Waxahachie High School is a public high school in the city of Waxahachie, Texas, United States and classified as a 6A school by the University Interscholastic League (UIL). It is a part of the Waxahachie Independent School District located in central Ellis County. In 2015, the school was rated "Met Standard" by the Texas Education Agency.

Academics
Waxahachie High School offers Advanced Placement (AP) in biology, calculus, chemistry, computer science, English language composition, English literature, environmental science, French language, macroeconomics, psychology, Spanish language, Spanish literature, statistics, U.S. government, world history, and U.S. history. As well as offering Advanced Placement classes, they offer Dual Credit classes in collaboration with the local community college, Navarro College. As of 2013, Waxahachie High School offers American Sign Language as an optional language class.

Athletics
The Waxahachie Indians compete in UIL-sanctioned sports including volleyball, cross country, football, basketball, powerlifting, swimming, soccer, golf, tennis, track, baseball, softball, and marching band.

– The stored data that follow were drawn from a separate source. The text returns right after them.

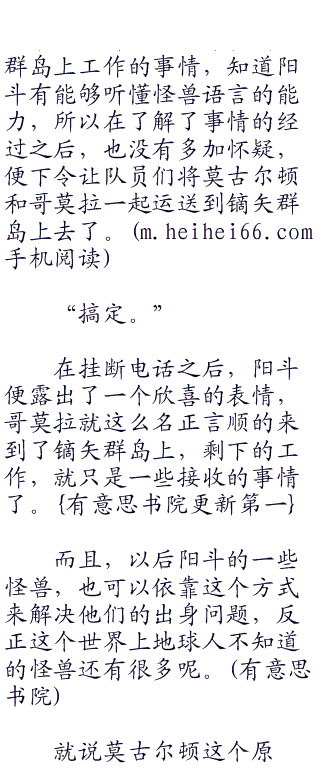 “别装可怜了,我那一下可没有那么重如果你不喜欢那些微波骚扰你的生活的话,倒是可以去另一个地方,那个地方叫镝矢群岛,上面有很多和你一样的怪兽在那里生活,你到了那里之后,就不会有现在的烦恼了。”
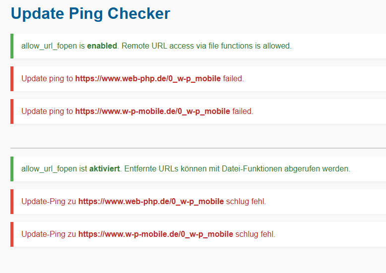 Update Ping Checker allow_url_fopen ist aktiviert. Entfernte URLs können mit Datei-Funktionen abgerufen werden. Update-Ping zu https://www.web-php.de/0_w-p_mobile schlug fehl. Update-Ping zu https://www.w-p-mobile.de/0_w-p_mobile schlug fehl.
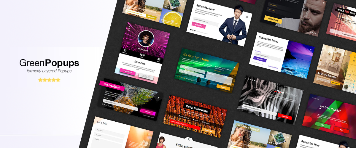 Green Popup adalah popup animasi multi-layer. Plugin popup WordPress ini menawarkan lebih dari 150 template dan berbagai opsi tampilan, yang semuanya dijamin akan menarik perhatian pengunjung.
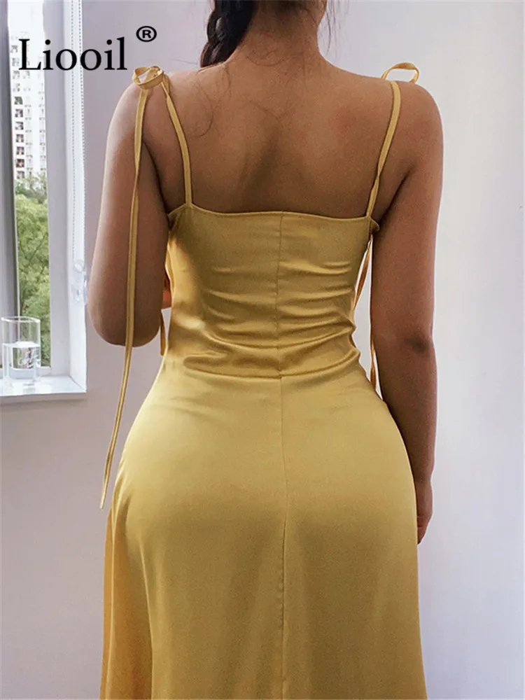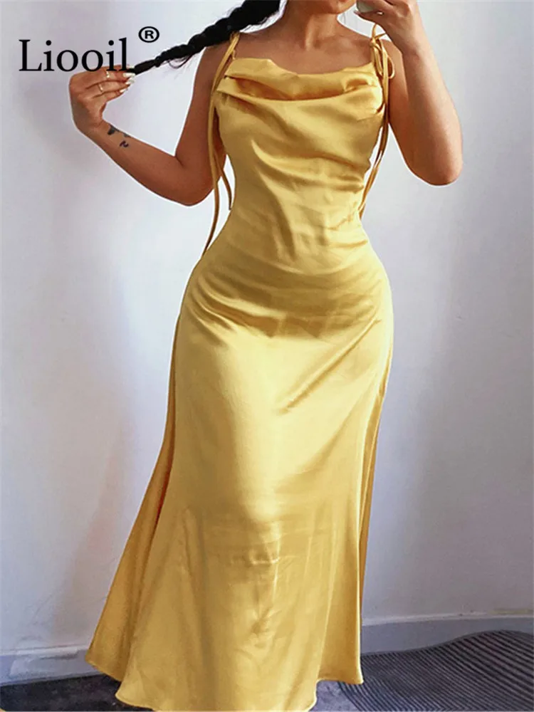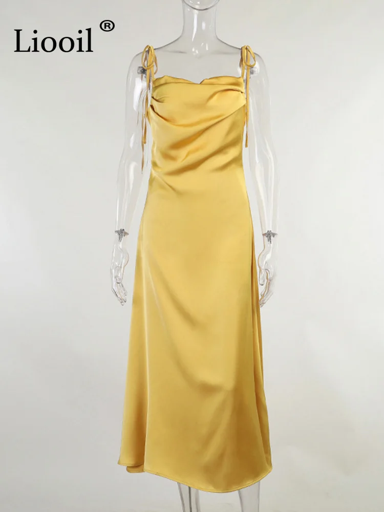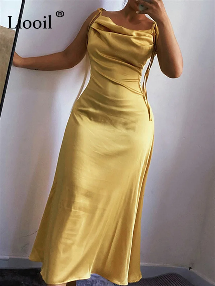 Yipinpay Yellow Satin Ruched Midi Dress Women High Waist 2023 Summer Spaghetti Strap Robe Backless Drawstring Party Sexy Dresses
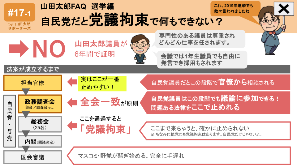 Q: 自民党だと党議拘束で山田太郎議員は何も出来ないと聞きました。本当でしょうか?
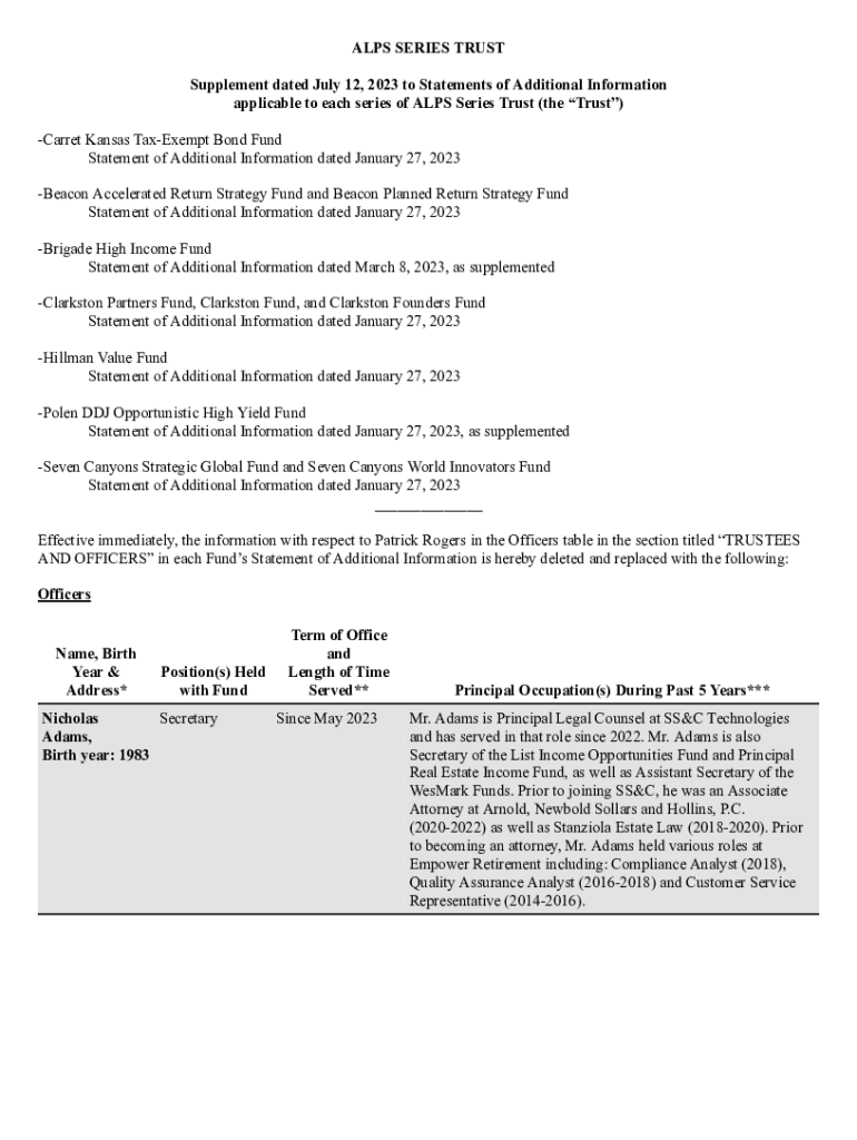 ALPS SERIES TRUST Supplement dated July 12, 2023 to Statements of Additional Information applicable to each series of ALPS Series Trust (the Trust) Carret Kansas TaxExempt Bond Fund Statement of Additional
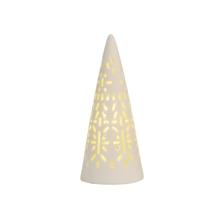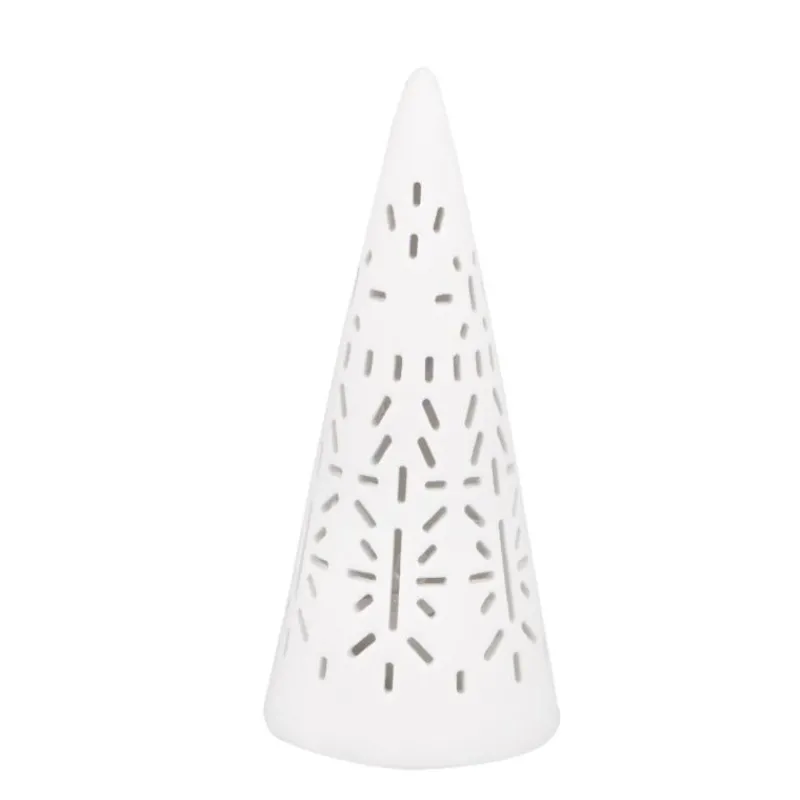 Die Lichttannen von Räder bringen Licht ins Dunkle: die mit einem batteriebetriebenen LED-Licht ausgestatteten Tannen erschaffen mit ihrem angenehmen Leuchten eine gemütliche Atmosphäre. Sie bestehen aus mattweißem Porzellan und sind mit unterschiedlichen Lochmustern versehen, durch die das Licht erstrahlt und kleine Schatten wirft. Sie lassen sich phantasievoll zu kleinen Gruppen zusammenstellen und ergeben so eine liebevolle Dekoration im Wohnbereich. Betrieben wird das LED-Modul mit zwei LR44-Batterien, die im Lieferumfang enthalten sind. In der mittleren Größe ist die Tanne 9,5 cm hoch und hat einen Durchmesser von 4 cm.
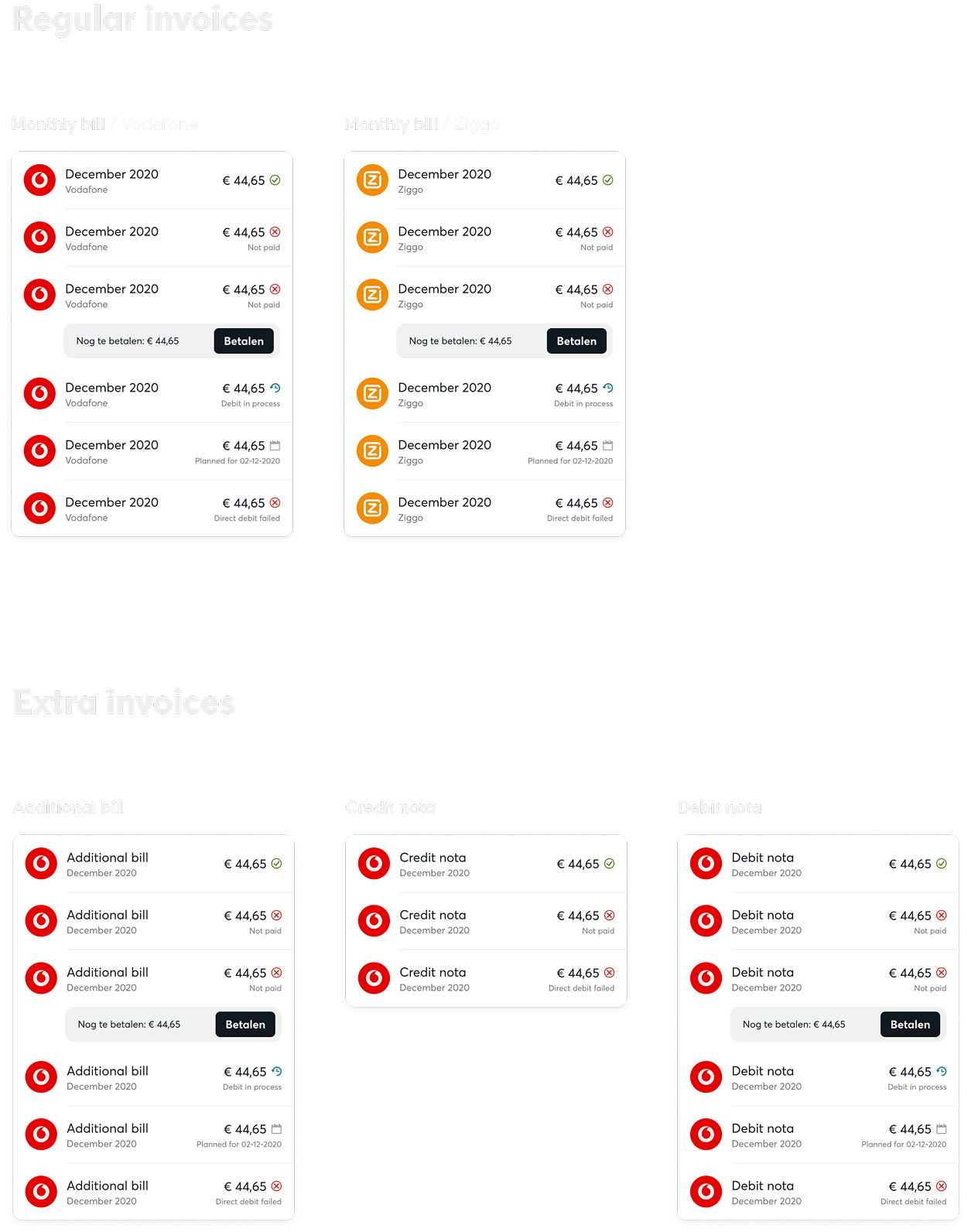 Designed core experiences like Discover and the combined invoices overview,translating research and constraints into reusable patterns.
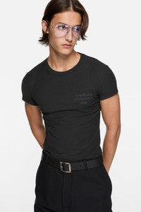 Short-sleeve crewneck t-shirt crafted from an organic cotton jersey blend with an irregular surface for a vintage-inspired feel. Featuring an Acne Studios 1996 stamp logo and a ribbed neckline, it is cut to a fitted silhouette and sits below the waist. - Crewneck t-shirt - Fitted silhouette - Below waist length - Acne Studios 1996 stamp logo - Style ID: FN-UX-TSHI000243 - Made from organically grown cotton - Shell: 85% Cotton, 15% True hemp
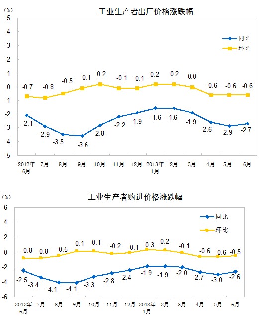2013年6月份,全國(guó)工業(yè)生產(chǎn)者出廠價(jià)格同比下降2.7%,環(huán)比下降0.6%。工業(yè)生產(chǎn)者購(gòu)進(jìn)價(jià)格同比下降2.6%,環(huán)比下降0.5%。上半年,工業(yè)生產(chǎn)者出廠價(jià)格同比下降2.2%,工業(yè)生產(chǎn)者購(gòu)進(jìn)價(jià)格同比下降2.4%。
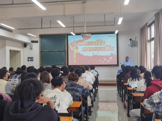 11月18日,校党委委员、副校级干部赵广杰到水利工程系为学生讲授党的二十届三中全会精神专题思政课。
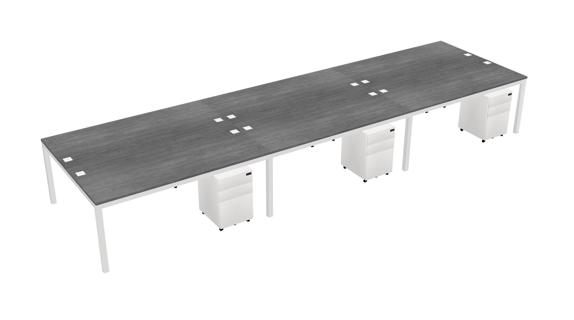 Grey Shared Rectangular Office Desk With Metal Mobile Drawers For 6 Persons
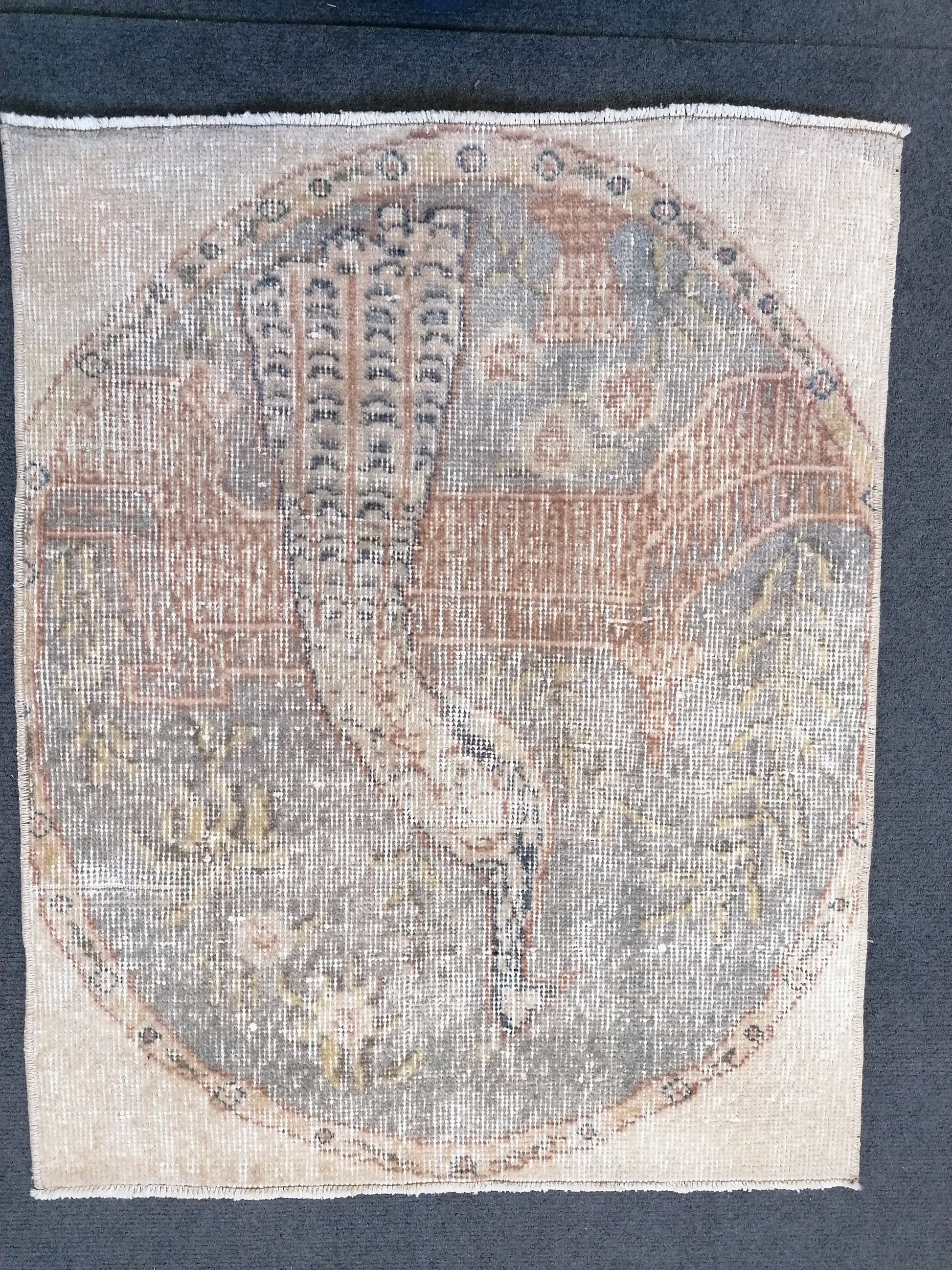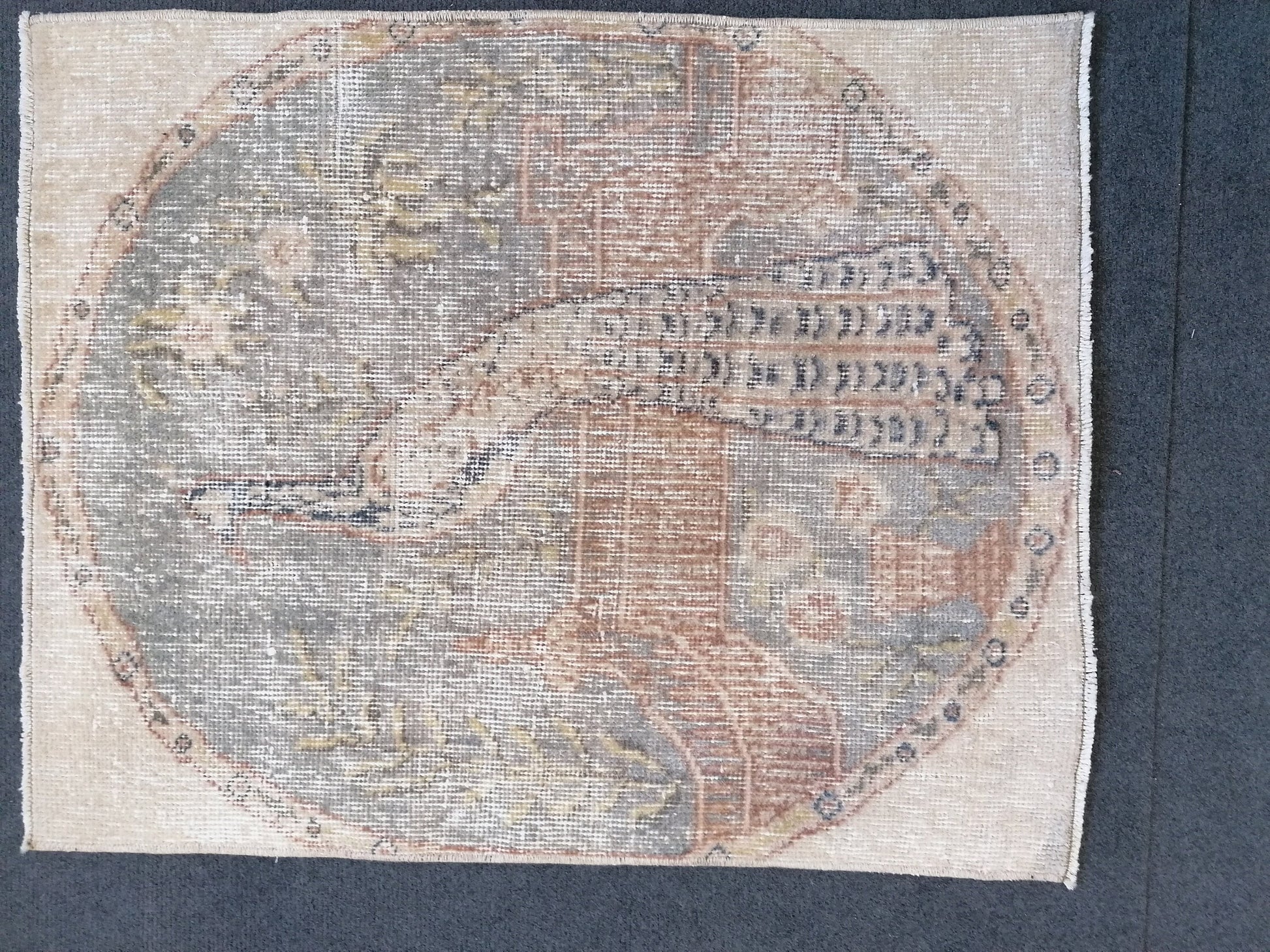 Hand made wool art peacock pilo, handcraf bird rug,vintage rug 2'1x2'7 feet

In 1992, the varsity football team won the 4A state championship. The football team plays their home games at Lumpkins Stadium.

The school's baseball team won the 3A state championship in 1965. The boys basketball team won the 3A state championship in 1958 and the 4A state championship in 1983. The girls basketball team won the 4A state championship in 2006.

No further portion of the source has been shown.